Виктор Шендерович: Про инфантильность говорили и другие сидевшие на вашем месте люди.



Владимир Фенченко: Что поражает в этих молодых, сейчас получается так, что приходит… Когда я шел, мне было 30 лет, нормально, я считаю, но сейчас мы не можем взять 30-летнего, потому что он обязан платить, потому что, как правило, с высшим образованием. До недавнего времени им еще позволяли. У меня есть такой студент, причем он в Белоруссии учился, он первое образование получил за деньги, он сам платил, но второе ему позволили кончить без денег. А сейчас, оказывается, и этого лишили. Где бы ты ни получил первое образование, платил, не платил, ты второе обязан опять платить. Вот я, правда, не понимаю. То есть говорили о том, что вообще освободить, а сейчас вот так.



Вероника Боде: Нам дозвонился Владимир Иванович из Москвы. Здравствуйте.



Слушатель: Здравствуйте. Михалков «Золотого льва» получил, да?



Владимир Фенченко: Нет, он не «Золотого льва», он получил спецприз жюри.



Слушатель: Я не видел этот фильм, но примерно догадываюсь, что есть спекуляция на чеченской войне. А что бы он не показал, например, как верховный главнокомандующий несет ответственность непосредственно за эту всю…

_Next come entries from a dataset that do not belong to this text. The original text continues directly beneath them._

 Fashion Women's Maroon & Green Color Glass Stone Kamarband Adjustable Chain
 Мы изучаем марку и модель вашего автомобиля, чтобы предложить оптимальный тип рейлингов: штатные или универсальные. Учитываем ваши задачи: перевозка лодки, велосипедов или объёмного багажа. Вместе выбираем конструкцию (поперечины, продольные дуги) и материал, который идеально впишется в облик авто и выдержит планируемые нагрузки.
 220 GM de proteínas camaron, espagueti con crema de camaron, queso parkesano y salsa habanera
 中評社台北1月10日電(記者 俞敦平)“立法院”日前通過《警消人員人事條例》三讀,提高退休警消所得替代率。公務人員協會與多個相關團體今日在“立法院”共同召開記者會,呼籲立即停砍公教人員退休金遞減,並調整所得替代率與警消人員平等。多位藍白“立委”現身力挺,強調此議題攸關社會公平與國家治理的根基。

Виктор Шендерович: Понятно, Владимир Иванович. Это вопрос странный. Это не спекуляция, при всем моем непростом отношении к Никите Сергеевичу, это римейк классического фильма «12 разгневанных мужчин», насколько я понимаю,..



Владимир Фенченко: По структуре, но проблемы другие.

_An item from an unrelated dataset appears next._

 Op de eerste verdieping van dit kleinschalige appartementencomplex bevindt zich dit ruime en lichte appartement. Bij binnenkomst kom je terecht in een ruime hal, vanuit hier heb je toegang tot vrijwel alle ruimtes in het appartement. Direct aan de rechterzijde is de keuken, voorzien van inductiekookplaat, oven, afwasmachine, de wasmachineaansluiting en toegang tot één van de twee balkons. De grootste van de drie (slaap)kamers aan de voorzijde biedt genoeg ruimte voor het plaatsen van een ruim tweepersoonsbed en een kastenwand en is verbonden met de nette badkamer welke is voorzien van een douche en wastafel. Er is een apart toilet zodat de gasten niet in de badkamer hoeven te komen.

Виктор Шендерович: …п еренесен на нашу почву, те же присяжные. И в данном случае я не полагаю, что кинорежиссер обязан непременно в каждом своем произведении решать конкретную политическую проблему. Ни в коем случае не обязан. Если, я не смотрел этого фильма, насколько я понимаю, горячая проблематика, если она талантливо сыграна, а актеры блистательные там как минимум, то, полагаю, что этот фильм должен быть обречен на успех с этой тематикой, именно с этой тематикой горячей.



Владимир Фенченко: Во всяком случае, его приняли, причем не наша публика, а все-таки западная публика. Значит, они что-то там увидели.



Виктор Шендерович: Я думаю, что точно так же как мы, не отрываясь, смотрели «12 разгневанных мужчин», если есть Генри Фонда и если есть этот сюжет, этот сценарий, то значит и успех. Поэтому, я не думаю, что Маковецкий, Гармаш категорически хуже Генри Фонда как артисты.



Владимир Фенченко: Уверен, что это не простая спекуляция, тут я не согласен с нашим собеседником.



НОВОСТИ



Виктор Шендерович: У нас звонок, как я понимаю.



Вероника Боде: Александр из Санкт-Петербурга, здравствуйте.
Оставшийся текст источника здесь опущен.